En el autobús hemos ido al campo de Albatera, secarral inhóspito, donde el sol se clava en la piel, como un reproche, donde la nada rodeada de matojos y palmeras esconde, bajo tierra, los huesos torturados de los que no encontraron sitio en el Stambrook y en vano esperaron a otros héroes que los rescatasen. Ellos no sabían, los pobres, que no abundan los capitanes como Dickson. El campo hoy está vacío, aunque en la mente aún perdura el eco de los alaridos y los gemidos de dolor y de muerte. Hay un austero monumento a su entrada y tan solo ha permanecido a través del tiempo una caseta de piedra con techo de uralita, que entonces fue tahona donde se hacía el chusco diario. Se dice que los presos, en los varios meses que allí sufrieron, solo comían pan y sardinas de lata, y que, durante años, una oxidada cordillera de latas bordeó el camino que conducía al suplicio. Los verdugos fascistas fusilaban a los presos junto a las alambradas, a la vista de todos, para que su muerte sirviera de ejemplo y advertencia. Si alguien se fugaba, el que le antecedía y el que le seguía en la lista eran fusilados como escarmiento. Hoy no queda nada sobre los huesos dispersos, someramente enterrados, solo el ánimo sobrecogido de quien adivina el horror que aún gime con la brisa en aquel páramo terrible.

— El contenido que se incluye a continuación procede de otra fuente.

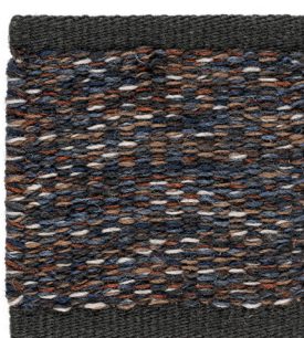
Black Forrest 203
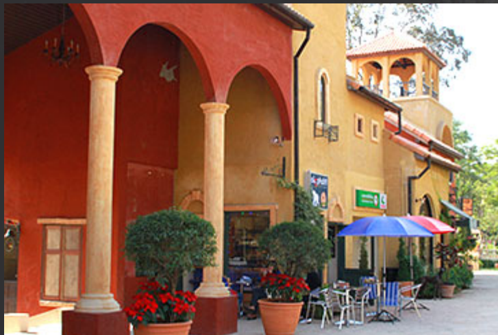
Palio Shopping Center
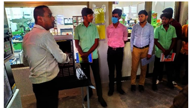
Students - Training
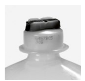
With the eurohead closure , the hermetically sealed container is combined with the eurohead cap. It was specifically designed to meet the requirements of infusion bottles (IV bottles).
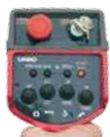
Radio remote control
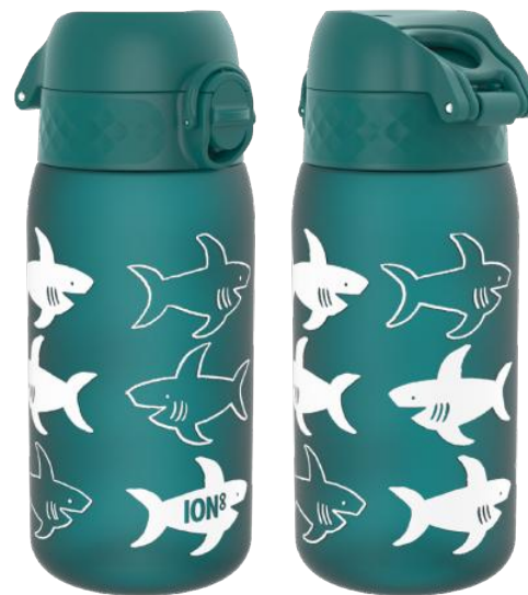
I8RF350PBSHARK RECYCLON - 350ML SHARKS
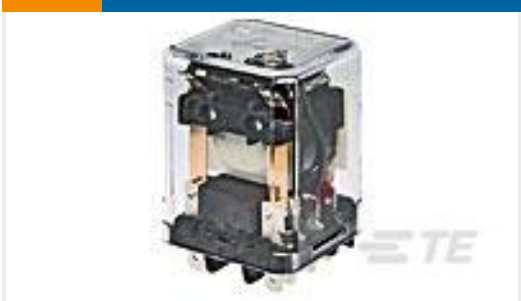
TE Part #4-2027183-3 KUEP-11D15-125=RELAY,3A,2C, AGCDO,QC.187,
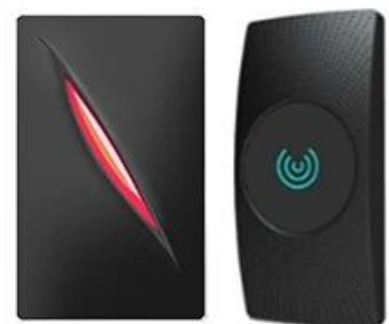
Access Control Reader
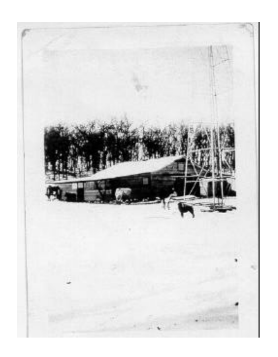
The Barn at Lynn, SD
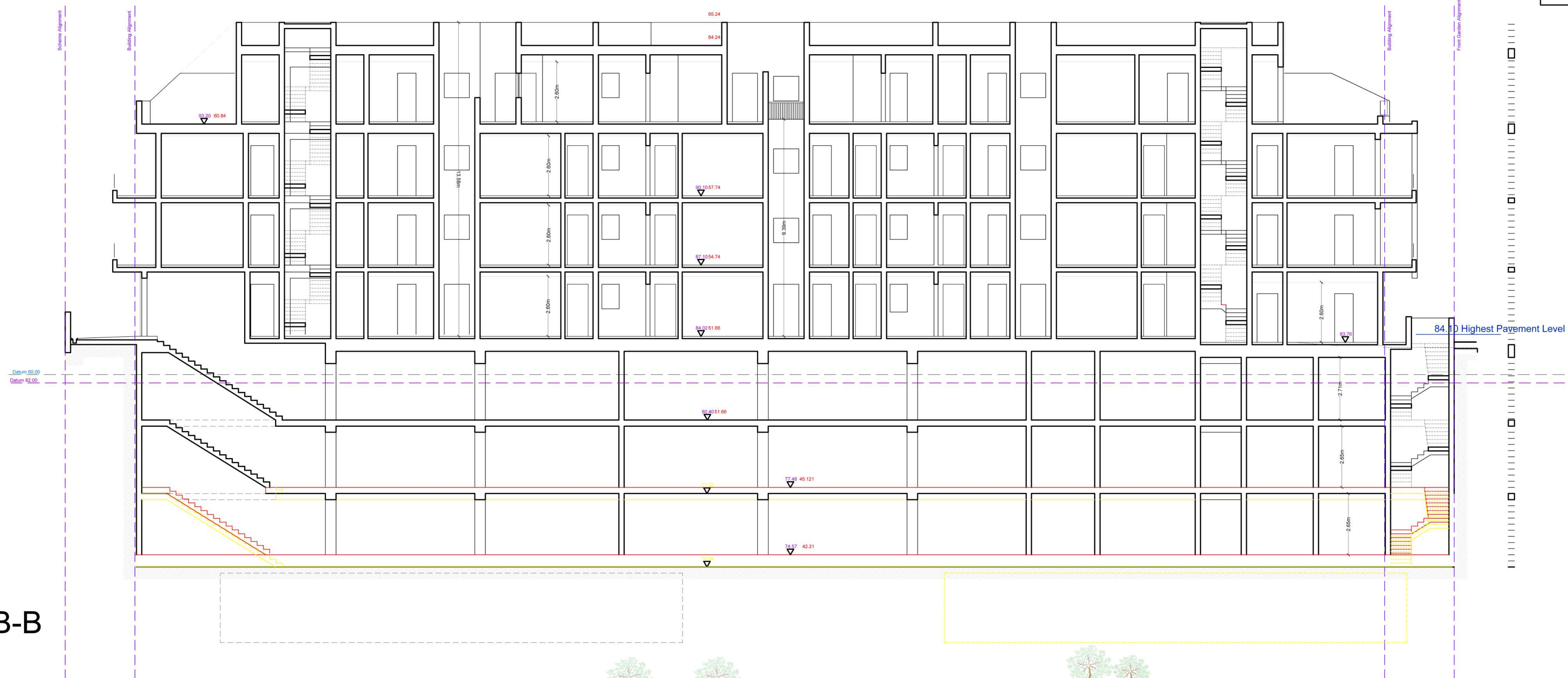
Section B-B Scale 1:100

Fuimos después a Orihuela, a ver la casa del poeta. Miguel Hernández sigue de alguna manera vivo entre esas entrañables paredes. Uno puede atravesar la casa y pasar del salón a la cocina de carbón y salir al patio y atravesar un postigo y plantarse ante la higuera más famosa de la poesía española. “Volverás a mi huerto y a mi higuera, por los altos andamios de las flores, pajareará tu alma colmenera de angelicales ceras y labores…“, parece que aún nos dice el poeta a la sombra del árbol venerable. Mis amigos me sacan una foto que guardaré para siempre. Arnold y Dorotea escuchan con atención cómo varios poetas de Auca recitan los versos. Ellos no entienden el español, pero la elocuencia y la cadencia de la palabra también los emociona. Julia Díaz Climent cierra el acto con una poesía hernandiana que parece escrita para recordar a los muertos de Albatera, aquellos que no pudieron subir al Stambrook; aquellos que se quedaron en el muelle mientras el corazón de master Dickson se partía de pena por no tener al Queen Mary bajo su mando en lugar de un pequeño, y a la vez tan grande, barquito carbonero.

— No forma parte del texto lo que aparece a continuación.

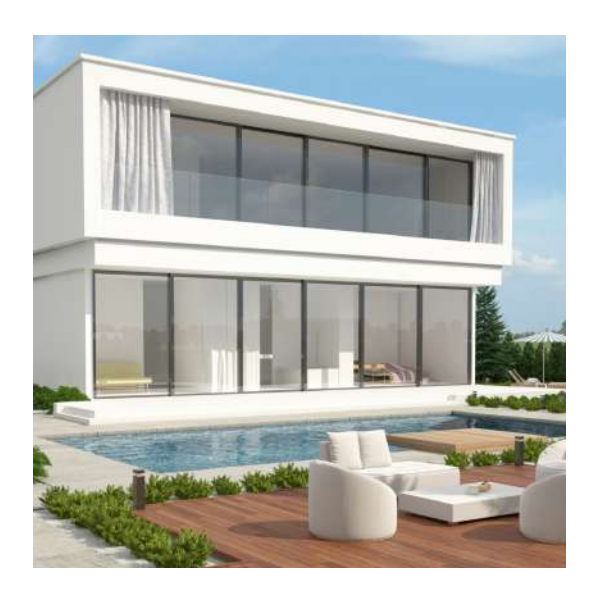
What You Need to Know Before Buying a Luxury Home

Is now a good time to buy a luxury home? A recent run-up in luxury home values, coupled with higher mortgage rates, has some wondering if they should stay on the sidelines, at least for a while. Our view: Don't be excessively cautious. We see good value across the U.S. market, in part because the dynamics of the luxury housing market have changed in ways that are not always well understood.
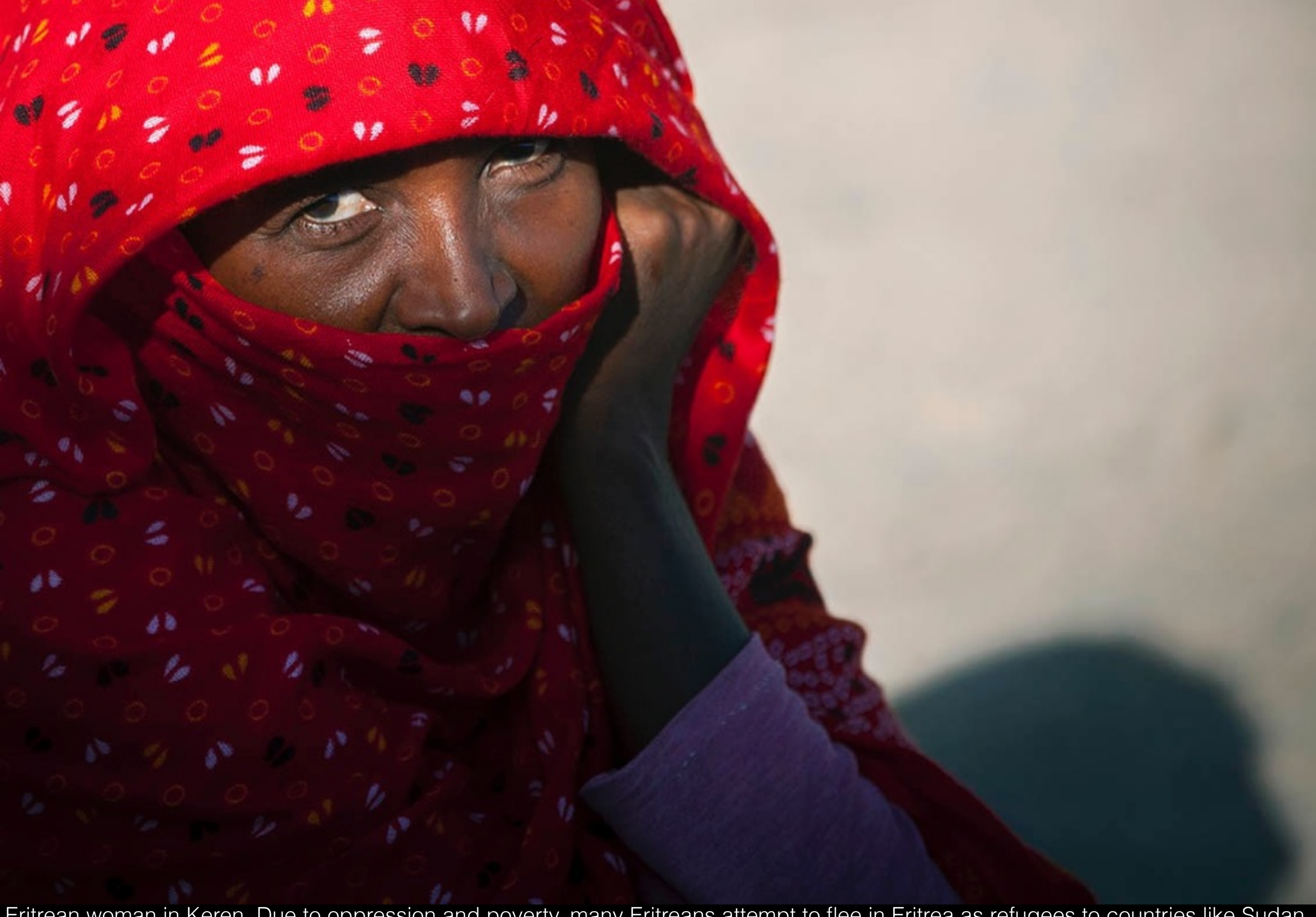
Eritrean woman in Keren. Due to oppression and poverty, many Eritreans attempt to flee in Eritrea as refugees to countries like Sudan. Many rely on human smugglers to help them escape. Some Rashaida are part of this this lucrative business. The UN reports that some of these Rashaida abuse and hold these refugees for ransom.
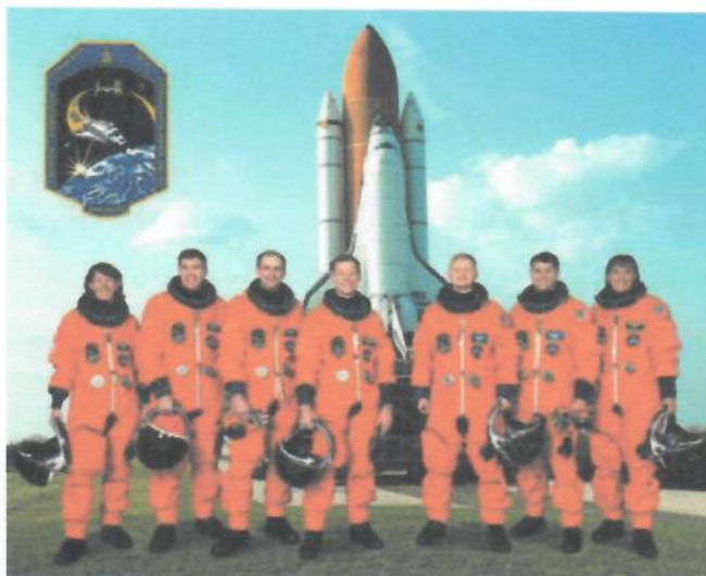
The Crew of STS-126 in front of Endeavour.

www.nasa.gov/mission_pages/shuttle/main/index.html . If you have access, you can watch live video of the training on NASA TV or directly from the NASA.gov web site.
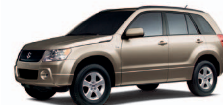
COOL BEIGE METALLIC
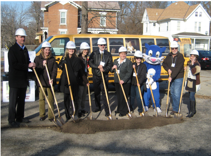
Ground Breaking Ceremony for Ohio Alleycat Resource Center

The non-profit organization, Ohio Alleycat Resource (OAR), held a ground breaking ceremony on November 29 th to celebrate the expansion of its Clinic and Adoption facility, located in Cincinnati, Ohio. The new state-of-the-art facility will be approximately 4,686 sqft. and will house six adoption rooms, two special needs rooms, a veterinary office, exam room, and other office spaces.
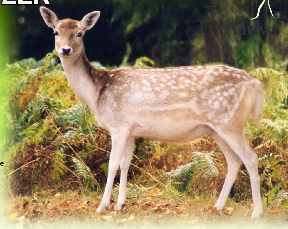
Menil coloured doe

The aim of this guide is to highlight features of the biology and behaviour of Fallow deer (Dama dama) as an aid to the management of the species, it is not a complete description of Fallow deer ecology (see Further information below). Deer behaviour is not fixed, they will adapt their behaviour to local circumstances, sometimes behaving quite differently from one area to another or over time. This guide links to Deer Biology, Deer Behaviour and Deer Signs guides which should be considered as important associated reading.

Nos hemos ido después al Campo de los Almendros y Elena Albajar nos ha explicado cómo será el memorial que pondremos allí tarde o temprano, le guste o no a quien tenga o no que gustarle. Una depresión del terreno con almendros que habrán retornado al lugar de donde fueron expulsados por el voraz ladrillo y la ciudad sicalíptica y artificial. Una depresión que parecerá rescatada por un arqueólogo de la memoria, rodeada de un banco de piedra tricolor, con la bandera que fue enseña de España durante 9 años de efímera democracia, quieran o no los falsos historiadores de la manipulación y la ignorancia. Lo haremos, Elena, lo haremos; que no te quepa duda.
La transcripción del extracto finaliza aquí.